Раздавленная увольнением, Тамара хоть и просила Надежду прийти, чтобы «посоветоваться», но на самом-то деле хотела выговориться. И попросить подругу, имевшую в силу профессии массу знакомств по всей Москве, о помощи с трудоустройством. Меньше всего Панкратова нуждалась сейчас в нотациях типа: «Я же тебе говорила, я же тебя предупреждала!» Но просьбы Кузнецова порой предпочитала трактовать буквально. Просила совет? Получай.
— Я сколько уговаривала тебя бросить эту госснабовскую богадельню? — хладнокровно сыпала она соль на свежие раны подруги. — Предупреждала, что добром не кончится? Предупреждала. Ты не слушала, вот и дотерпелась. Значит, не ныть надо, а делать конструктивные выводы. Не обижайся, Том. Понимаю: можно жалеть того, у кого ничего нет. Кому вдруг крупно не повезло. Дом, допустим, сгорел.
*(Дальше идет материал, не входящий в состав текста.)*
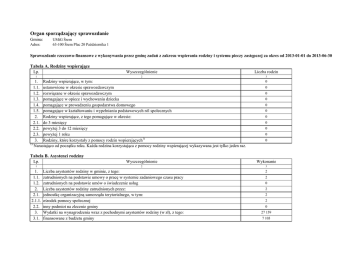 Organ sporządzający sprawozdanie Gmina: Adres: UMiG Śrem 63-100 Śrem Plac 20 Października 1 Sprawozdanie rzeczowo-finansowe z wykonywania przez gminę zadań z zakresu wspierania rodziny i systemu pieczy zastępczej za okres od 2013-01-01 do 2013-06-30 Tabela A. Rodziny wspierające Lp. Wyszczególnienie 1 2 1. Rodziny wspierające, w tym: 1.1. ustanowione w okresie sprawozdawczym 1.2. rozwiązane w okresie sprawozdawczym 1.3. pomagające w opiece i wychowaniu dziecka 1.4. pomagające w prowadzeniu gospodarstwa domowego 1.5. pomagające w kształtowaniu i wypełnianiu podstawowych ról społecznych 2. Rodziny wspierające, z tego pomagające w okresie: 2.1. do 3 miesięcy 2.2. powyżej 3 do 12 miesięcy 2.3. powyżej 1 roku 3. Rodziny, które korzystały z pomocy rodzin wspierających1) 1) Narastająco od początku roku. Każda rodzina korzystająca z pomocy rodziny wspierającej wykazywana jest tylko jeden raz. Liczba rodzin 3 0 0 0 0 0 0 0 0 0 0 0 Tabela B. Asystenci rodziny Lp. Wyszczególnienie 1 2 1. 1.1. 1.2. 2. 2.1. 2.1.1. 2.2. 3. 3.1. Liczba asystentów rodziny w gminie, z tego: zatrudnionych na podstawie umowy o pracę w systemie zadaniowego czasu pracy zatrudnionych na podstawie umów o świadczenie usług Liczba asystentów rodziny zatrudnionych przez: jednostkę organizacyjną samorządu terytorialnego, w tym: ośrodek pomocy społecznej inny podmiot na zlecenie gminy Wydatki na wynagrodzenia wraz z pochodnymi asystentów rodziny (w zł), z tego: finansowane z budżetu gminy Wykonanie 3 2 2 0 2 2 2 0 27 159 7 103 Lp. Wyszczególnienie 1 2 Wykonanie 3 3.2. finansowane z innych źródeł 0 4. Liczba rodzin zobowiązanych przez sąd do pracy z asystentem rodziny 36 5. Liczba rodzin korzystających z usług asystentów rodziny, z tego: 10 5.1. do 3 miesięcy 9 5.2. powyżej 3 do 12 miesięcy 17 5.3. powyżej 1 roku 9 6. Przeciętny czas pracy asystenta z rodziną1) 2 7. Liczba rodzin, z którymi asystent rodziny zakończył pracę, w tym: 0 7.1. ze względu na osiągnięcie celów 1 7.2. ze względu na zaprzestanie współpracy przez rodzinę 0 7.3. ze względu na brak efektów 1 7.4. ze względu na zmianę metody pracy 2) 36 8. Liczba rodzin, które korzystały z usług asystentów rodziny 1) Przeciętny czas pracy asystenta z rodziną podaje się w miesiącach z dokładnością do jednego miesiąca, wykazując miesiąc rozpoczęty jako miesiąc pełny. 2) Narastająco od początku roku. Każda rodzina korzystająca z pomocy asystenta wykazywana jest tylko jeden raz. 20 056 Tabela C. Placówki wsparcia dziennego Lp. Wyszczególnienie Ogółem w tym placówek/w placówkach prowadzonych przez inne podmioty niż gmina 1 2 3 4 0 0 1. Liczba placówek wsparcia dziennego, w tym prowadzone w formie: 0 0 1.1. opiekuńczej 0 0 1.2. specjalistycznej 0 0 1.3. pracy podwórkowej realizowanej przez wychowawcę 0 0 2. Liczba miejsc 1) 0 0 3. Przeciętna liczba umieszczonych dzieci 0 0 4. Wydatki (w zł)2) 1) Przeciętną liczbę umieszczonych dzieci oblicza się, dzieląc sumę liczby dzieci umieszczonych w poszczególnych dniach okresu sprawozdawczego przez liczbę dni funkcjonowania placówki w okresie sprawozdawczym, podając z dokładnością do jednej osoby. 2) W ramach wydatków wykazuje się wydatki bieżące. Osoba sporządzająca sprawozdanie imię i nazwisko: Alicja Jankowiak telefon: 612836107 e-mail: [email protected] data: 2013-06-29

Но совсем иное, когда, как ты, желают помирать от голода непременно при золотом унитазе!
Тамара из-за безденежья питалась весьма скудно, а сегодня от нервотрепки даже обычную свою малость забыла съесть. Поэтому после душа, смывшего большую часть горя, и двух бокалов «Мартини» ее повело. В голове появилась приятная пустота, и серьезность подруги показалась забавной.
— Да где ж ты такой, золотой, у меня видала?
— Это я образно. О твоих способностях. И о том, что если все время твердить себе: везде плохо, плохо, плохо — то так и будет!
Про это Тамара действительно слышала от нее уже — не раз. Надежда сменила немало фирм и занятий, пока, став страховым агентом, обрела призвание. Величала она себя финансовым консультантом и профессию свою обожала. Считала ее единственным честным и даже святым делом, которое не только помогает людям, но еще и дает прилично зарабатывать, не кривя душой. Она прожужжала Панкратовой уши, уговаривая перейти в свою фирму. Полагая, что и сейчас на нее обрушится водопад знакомых аргументов, Тамара заскучала. Но Кузнецова пренебрегла привычной колеей:
— В душу плюют, когда ты это позволяешь. И я рада, что тебя выперли из «Снабсбыта». Да, рада! За тебя. Наконец-то ты вырвалась из этого болота. Давно было пора.
— Ты не так громко, Зайка недавно легла… — Тамара напомнила о дочери, чтобы прервать упреки. Потому что обиделась: уж единственная подруга могла бы и посочувствовать. — Нет, так нельзя. А если все будут бегать, как крысы с корабля?
— Вот всем и будет хорошо, — воскликнула Надя шепотом. — Я бы еще поняла, если б ты была врачом или учителем. Те хоть, когда терпят, людей спасают. Но в конторе, где блатняк на блатняке! И вообще, я думаю, что ты мухлюешь. Не из-за коллектива ты там торчала. А из-за Олега своего. Все надеялась, что у него совесть проснется и он вспомнит о тебе. Ждала, как потерявшийся ребенок.